TASK
Nothing but the lines from the first line of the entries through the line with "Մարդկային ձայնի մէջ" should appear in the answer, transcribed exactly and free of pictures.

MATERIAL FOR THIS TASK
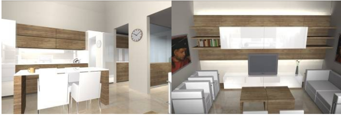
Anno e Titolo 2009 - Progettazione di interni appartamento privato (cantiere aperto)
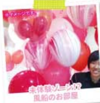
来体験ゾーン! 風船のお部屋
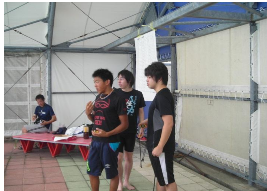
お手伝いしていただいた卒業生のみなさん (ありがとうございました)
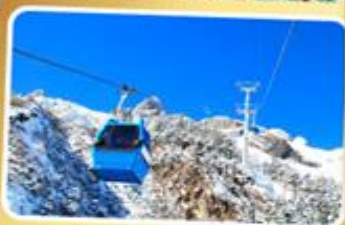
กระเช้าใหญ่ขึ้นภูเขาหิมะมังกรหยก
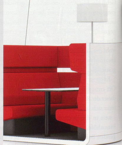
WORK LOUNGE FÜR LOCKERE BESPRECHUNGEN

LO Mindport von Lista Office LO ist das neue Raummöbelsystem, das offene Arbeitswelten strukturiert
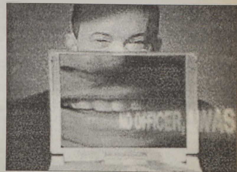
Մարդկային ձայնի մէջ չնչին, գրեթէ չնշմարտող փոփոխութիւններ արդեօ՞ք ստախոսութեան ցուցանիշ են:

Մ. Նահանգներու մէջ օրէնքներու կիրարկումին հսկող գործակալութիւններ հետզհետէ աւելի կ'օգտագործեն արհեստագիտութիւն մը, որ կը չափէ «ձայնի սթրէս»ը, այսինքն՝ մարդկային ձայնին մէջ շատ փոքր փոփոխութիւններ, որոնք ենթադրաբար կ'արձանագրուին, երբ անձ մը կը ստէ:

FINISHED EXERCISE
Anno e Titolo 2009 - Progettazione di interni appartamento privato (cantiere aperto)
来体験ゾーン! 風船のお部屋
お手伝いしていただいた卒業生のみなさん (ありがとうございました)
กระเช้าใหญ่ขึ้นภูเขาหิมะมังกรหยก
WORK LOUNGE FÜR LOCKERE BESPRECHUNGEN

LO Mindport von Lista Office LO ist das neue Raummöbelsystem, das offene Arbeitswelten strukturiert
Մարդկային ձայնի մէջ չնչին, գրեթէ չնշմարտող փոփոխութիւններ արդեօ՞ք ստախոսութեան ցուցանիշ են:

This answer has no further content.